Fazendo coro com uma visão conservadora, Lula tem opinado que, hoje, a distinção esquerda x direita já não mais faria sentido no debate político; posições de centro, como as dele, revelariam, sim, maturidade e discernimento políticos. Indo além disso, em vários momentos, declarou: “nunca fui de esquerda”.12

Deveríamos ignorar estas afirmações? Não penso assim pois Lula, há mais de 20 anos, desempenha um papel importante na política brasileira, além de ser a personalidade política decisiva de um partido que ainda proclama ser “dos trabalhadores”. Desta forma, objeções de Lula contra a esquerda têm efeitos ideológicos precisos: reforçam a estigmatização dos ideais e valores de esquerda e aprofundam a desmoralização de sua militância mais combativa.

De outro lado, não deixa de ser sintomático o obsequioso silêncio do conjunto do partido diante das opiniões negativas de Lula sobre as esquerdas.

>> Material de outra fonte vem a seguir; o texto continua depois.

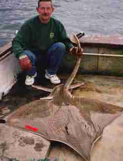 If and when you bring a Skate into the boat, due to their size and shape they can be very difficult to move about : mother nature forgot to fit a set of handles to them. The easiest solutionI have found is a 6' x 4' bit of old trawler netting, simply manoeuvre the fish over the net then you can use it toeasily lift the fish back over the side. (see below) While on the subject of handling the Skate, be very wary of the tail. The large thorns on the tail are razor sharp and the Skate have a habit of putting the tail where you don't want it to be. Another danger area is only found on male Skate, it's a rough patch or razor sharp thorns on the leading outer edge of the wings. Lastly is the mouth, a Common can easily crush a wayward hand to a pulp, so it pays to be very careful when unhooking the fish. If the fish is deep hooked, DO NOT attempt to remove the bronzed hook. Simply cut the hook link as near to the hook as possible and release the fish. You can do more damage by trying to retrieve the hook and a living Skate returned is worth more than the cost of a hook! Deep hooking can and does cause fatal injuries to skate. TRY TO AVOID IT AT ALL COSTS! If you can, try to avoid bringing the skate into the boat, they can be measured and the tag (if any) checked at the side of the boat. If the skate has to be brought onboard, for whatever reason, have everything to hand before doing so in order to release the fish back into the water as quickly as possible. Measure the wingspan and the length, check the sex and then obtain the weight from charts available from Glasgow Museums or from here. If the fish is tagged, note the tag number before releasing the Skate DO NOT REMOVE THE TAG. FINALLY, if you catch a tagged Common Skate, please take a note of the tag number, sex, wingspan, length date, time, location, also any other relevant information and send to RICHARD SUTCLIFFE, ART GALLERY & MUSEUM, KELVINGROVE, GLASGOW , G3 8AG . Or you can report a recapture online on the Forum on this site.

Não seria uma evidência de que, hoje – ao contrário do que ocorria nos velhos tempos de enfrentamento ideológico –, já não mais se constitui um disparate ou um anátema o fato de um dirigente do PT manifestar sua não identificação com a tradição de esquerda?

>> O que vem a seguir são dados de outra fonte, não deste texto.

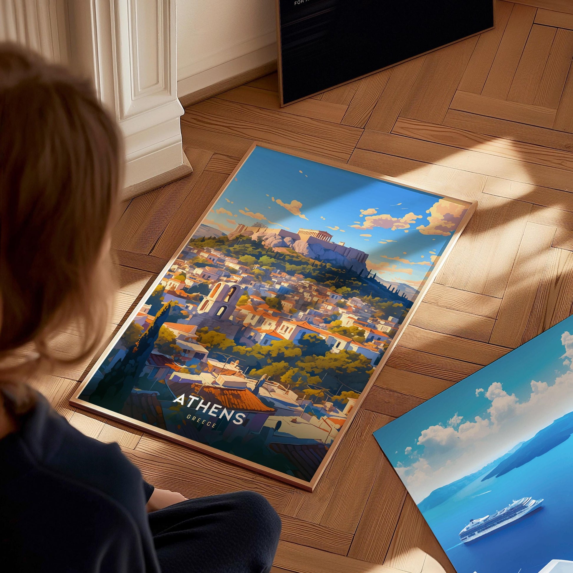 Step into the birthplace of Western civilization with this elegant Athens, Greece Poster by Swell Scenes. Featuring the legendary Acropolis and Parthenon bathed in golden Mediterranean light, this artwork celebrates the timeless skyline of one of the world’s oldest and most influential cities. Its warm, sunset hues and modern-vintage illustration style bring a piece of ancient history to your home or office.

A quem servem então estas declarações de Lula senão à direita política e aos liberais-conservadores que têm presença dominante na mídia escrita e televisiva? O significado que é difundido e passa a ser incorporado por amplos setores da população não pode ser outro: tendo amadurecido politicamente, o Presidente – que ainda faz questão de afirmar suas origens populares e proletárias – repudiou suas antigas convicções de esquerda pois estas, definitivamente, estariam superadas pela história e pela vida...

Assim, ao afirmar que “nunca fui de esquerda”, Lula ­transformou todas as suas anteriores afirmações em defesa do socialismo (ou contra a ordem capitalista) em autênticas “bravatas”.13 Difícil admitir que se possa criar uma cultura política partidária crítica e consistente quando as reiteradas “bravatas”, dentro ou fora das campanhas eleitorais, são legitimadas e justificadas pelos altos dirigentes do PT.
b) Cenas eleitorais e alianças com a direita

As últimas campanhas eleitorais têm sido reveladoras daquilo que se poderia chamar de pragmatismo eleitoralista do PT.

Tome-se, como exemplo significativo, a campanha 2004 para o segundo turno da eleição para o governo do estado de São Paulo. Embora o aberto apoio do direitista Paulo Maluf a Marta Suplicy não tenha sido o resultado de um acordo formal entre as direções partidárias dos dois candidatos, várias reuniões ocorreram entre as lideranças do PT e do PP antes da insólita aliança.

Para a militância de esquerda do PT foi insultuoso deparar com panfletos e coloridos cartazes com as fotos do sorridente Paulo Maluf ao lado de Marta Suplicy amplamente difundidos em carros de propaganda e nos redutos eleitorais de direita da cidade de São Paulo. Ainda por cima, quando se submeteram às exigências da lógica eleitoreira e aceitaram o apoio da direita malufista, os dirigentes do PT contribuíram para reabilitar um político criado pela ditadura militar e que ainda hoje se identifica com ela.14

O caso de Delfim Netto, ex-czar da economia brasileira durante dois governos militares, é igualmente sintomático em matéria de aproximação com a direita ideológica brasileira. Durante o primeiro período governamental, Lula e Antonio Palocci, com muita freqüência, preferiram reunir-se com Delfim Netto, ao invés de ouvirem os economistas críticos e de esquerda do PT. A explicação se deveu ao fato do ex-ministro da ditadura não se cansar de elogiar a “Carta ao Povo Brasileiro”; para ele, a mais notável prova de amadurecimento demonstrada por um partido de esquerda.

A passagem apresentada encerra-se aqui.